Hi, we are using prefect together with dask for scheduling ML training runs. We use a temporary cluster. For big grid searches we see that the dask workers accumulate memory over time and then stop accepting tasks. I assume similar to this thread.
However none of the recommended solutions helped. Has anyone had similar experience? Could this be related to prefect?
02/24/2022, 2:47 PM
Related to Prefect if you map around the 100k number of items. Actually are you trying models like XGBoost or LightGBM? Anything with
Also results are held in memory so what do the tasks output?
XGBoost and Lightgbm try to utilize all of the available cores on the machine they run on so if you send like two training jobs to a worker and they try to compete for the CPUs, you can get some conflict of resources and the jobs just deadlock
02/25/2022, 1:01 PM
Sorry for the lag. The tasks do not have any output in fact. They just log to mlflow after training and then are done. There should be no competition about compute resources. The only problem is memory buildup.

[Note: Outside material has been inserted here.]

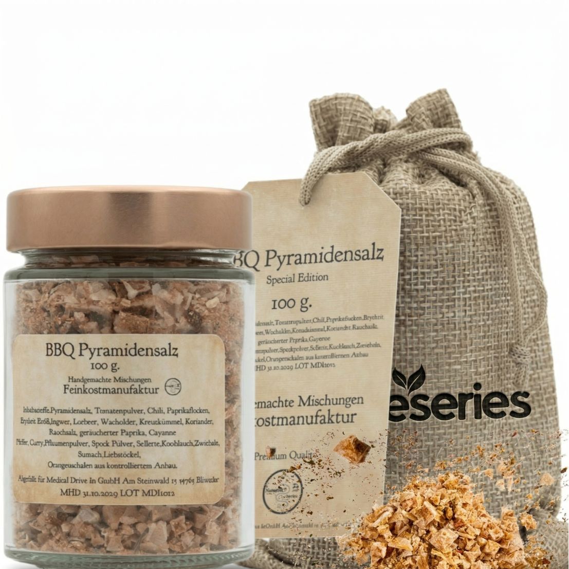 Tomatenpulver, Chili, Paprikaflocken, Erythrit (E968), Ingwer, Lorbeer, Wacholder, Kreuzkümmel, Koriander, Rauchsalz, geräucherter Paprika, Cayenne, Pfeffer, Curry, Pflaumenpulver, Speckpulver, Sellerie, Knoblauch, Zwiebel, Sumach, Liebstöckel, Orangenschalen (aus kontrolliertem Anbau)

But I have been wondering if there is some element of the flow that is present on all workers and holds on to some data and thats why we see no reduction in memory pressure when we run gc.collect().
02/25/2022, 4:00 PM
Have you seen
video? There is also this that was recently merged in I think that might affect this
02/26/2022, 7:50 AM
Yes I watched it, but none of the things helped to debug our case. But if there is nothing prefect specific that you guys know about then we will have to dig into it.